Re: [PATCH V3 0/5] blk-mq: improvement on handling IO during CPU hotplug

From: John Garry <john.garry@huawei.com>
To: Ming Lei <tom.leiming@gmail.com>
Cc: Ming Lei <ming.lei@redhat.com>, Jens Axboe <axboe@kernel.dk>,
	linux-block <linux-block@vger.kernel.org>,
	Bart Van Assche <bvanassche@acm.org>,
	"Hannes Reinecke" <hare@suse.com>, Christoph Hellwig <hch@lst.de>,
	Thomas Gleixner <tglx@linutronix.de>,
	Keith Busch <keith.busch@intel.com>
Subject: Re: [PATCH V3 0/5] blk-mq: improvement on handling IO during CPU hotplug
Date: Fri, 11 Oct 2019 15:10:03 +0100	[thread overview]
Message-ID: <b1a561c1-9594-cc25-dcab-bad5c342264f@huawei.com> (raw)
In-Reply-To: <CACVXFVN2K-GYTdSwXZ2fZ9=Kgq+jXa3RCkqw+v_DcvaFBvgpew@mail.gmail.com>

On 11/10/2019 12:55, Ming Lei wrote:
> On Fri, Oct 11, 2019 at 4:54 PM John Garry <john.garry@huawei.com> wrote:
>>
>> On 10/10/2019 12:21, John Garry wrote:
>>>
>>>>
>>>> As discussed before, tags of hisilicon V3 is HBA wide.

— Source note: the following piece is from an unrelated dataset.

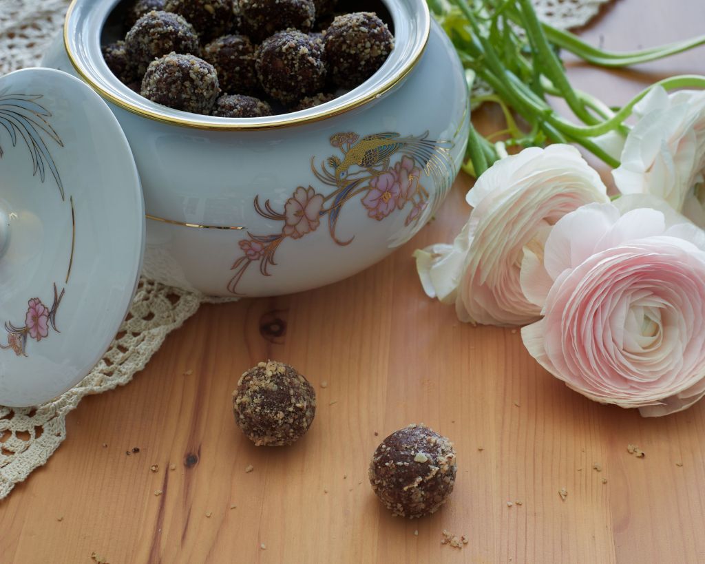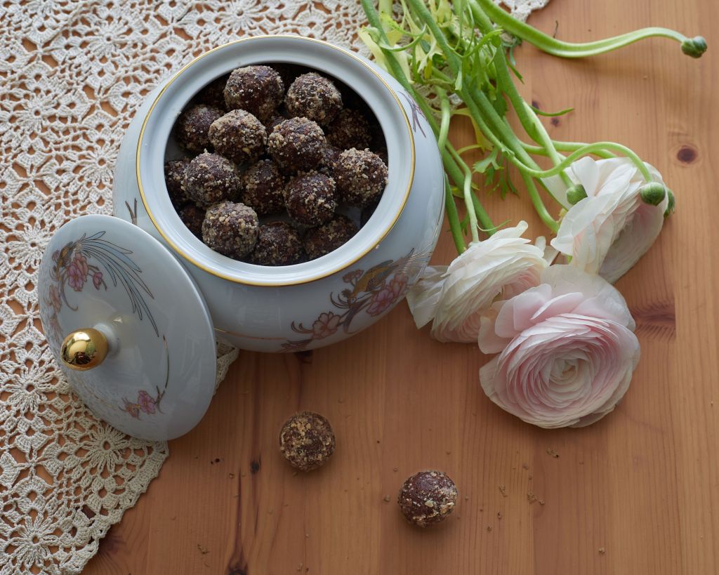 Една доза шоколадови трюфели никога не е излишна. Особено когато е от тези ароматни хапки блаженство с лешников тахан и петмез от рожкови. Вкусът е наситено шоколадов, благодарение на суровото какао. Бяха пълна импровизация за едно тържество и останах много доволна от резултата.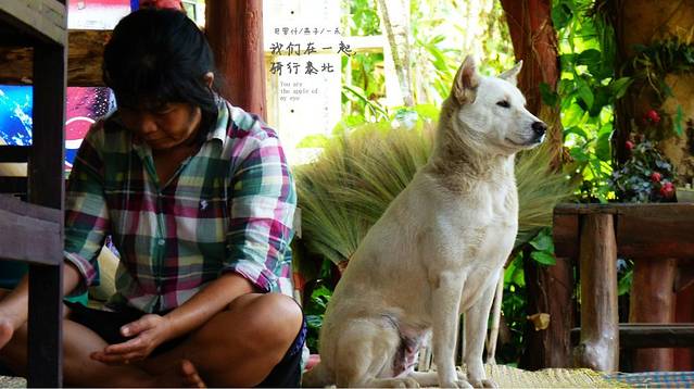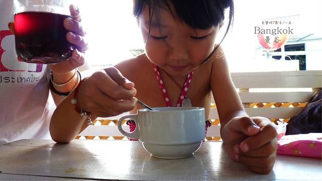 终于找到了一个能喝水,和能坐一下的歇会儿的小店,停好车,拖鞋脱门口,里面是一个老大娘和一条大白狗,女儿一向怕狗,在狗面前她特别小鸟依人,我们要了两瓶红牛,20B,人民币2块钱一瓶吧,坐在这里拿出虾片,老大娘问小孩几岁了,我数着手指one, two three, four, five,5岁

If you switch
>>>> to real hw queue, each hw queue has to own its independent tags.
>>>> However, that isn't supported by V3 hardware.
>>>
>>> I am generating the tag internally in the driver now, so that hostwide
>>> tags issue should not be an issue.
>>>
>>> And, to be clear, I am not paying too much attention to performance, but
>>> rather just hotplugging while running IO.
>>>
>>> An update on testing:
>>> I did some scripted overnight testing. The script essentially loops like
>>> this:
>>> - online all CPUS
>>> - run fio binded on a limited bunch of CPUs to cover a hctx mask for 1
>>> minute
>>> - offline those CPUs
>>> - wait 1 minute (> SCSI or NVMe timeout)
>>> - and repeat
>>>
>>> SCSI is actually quite stable, but NVMe isn't. For NVMe I am finding
>>> some fio processes never dying with IOPS @ 0. I don't see any NVMe
>>> timeout reported. Did you do any NVMe testing of this sort?
>>>
>>
>> Yeah, so for NVMe, I see some sort of regression, like this:
>> Jobs: 1 (f=1): [_R] [0.0% done] [0KB/0KB/0KB /s] [0/0/0 iops] [eta
>> 1158037877d:17h:18m:22s]
>
> I can reproduce this issue, and looks there are requests in ->dispatch.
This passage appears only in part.